EVs secreted by embryos may have an effect on embryo development in addition to the presence of EVs that can affect embryo development. Relevant research has shown that the presence of miRNA-378a-3p in EVs secreted from the blastocyst stage can increase the number of embryonic trophoblast cells and inner cells, as well as improve the hatching rate (Pavani et al., 2022). Surprisingly, SP-EVs may influence early embryo development. This does not necessarily imply that SP-EVs have the same effect in humans. The addition of SP-EVs to a medium containing mouse oocytes and sperm, on the other hand, can significantly increase the rate of blastocyst formation, reduce cell apoptosis, and increase ICM/TE in embryos (Ma et al., 2022). These findings also suggest that various seminal plasma components may have beneficial effects on embryo development and later embryo development when cultured in vitro.

4 The role of EVs in embryo implantation

4.1 The EVs are responsible for communicating between the embryo and the uterus

4.1.1 Luteal phase I-EVs can aid in embryo implantation

Because embryo implantation failure accounts for 75% of pregnancy failure in humans, embryo implantation is a critical step in achieving a successful pregnancy (Pavani et al., 2022). The requirements for embryo adhesion in this process are relatively stringent, requiring both sufficient implantation ability of the embryo and endometrium receptivity.
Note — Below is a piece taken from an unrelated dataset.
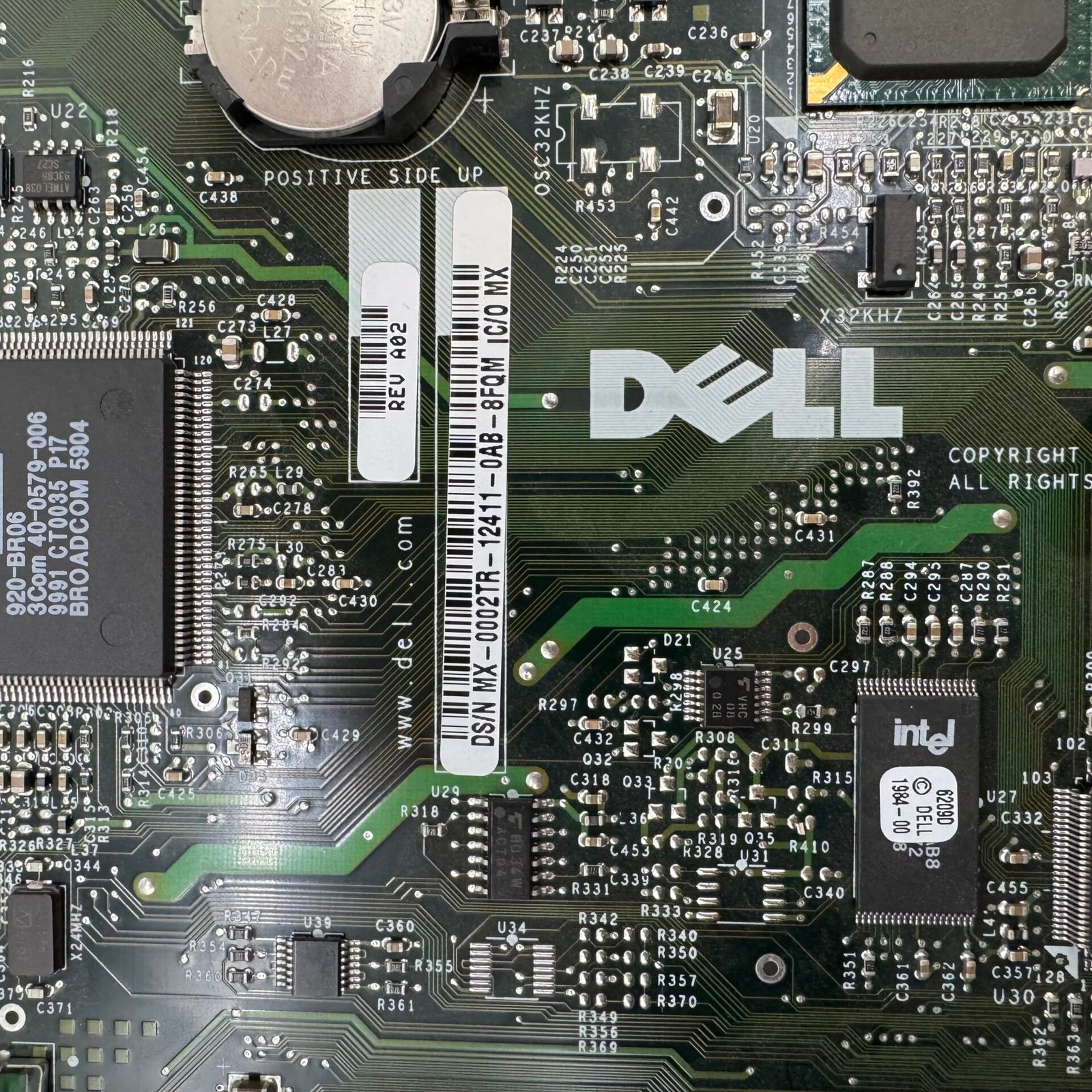 Original Dell MX-0002TR motherboard removed from a vintage system.

Endometrium receptivity, in particular, requires an appropriate level of inflammation, which first ensures that the embryo is protected from the maternal immune system before implantation, and then requires a maternal endometrial inflammatory response after implantation to promote embryo invasion (Franasiak et al., 2021; Sehring et al., 2022). However, the embryo’s implantation ability and the endometrium’s receptivity must be obtained concurrently, which is more difficult. I-EVs can transmit embryo and endometrium information and is a messenger of signal communication between mother and embryo, which is critical in the embryo implantation process.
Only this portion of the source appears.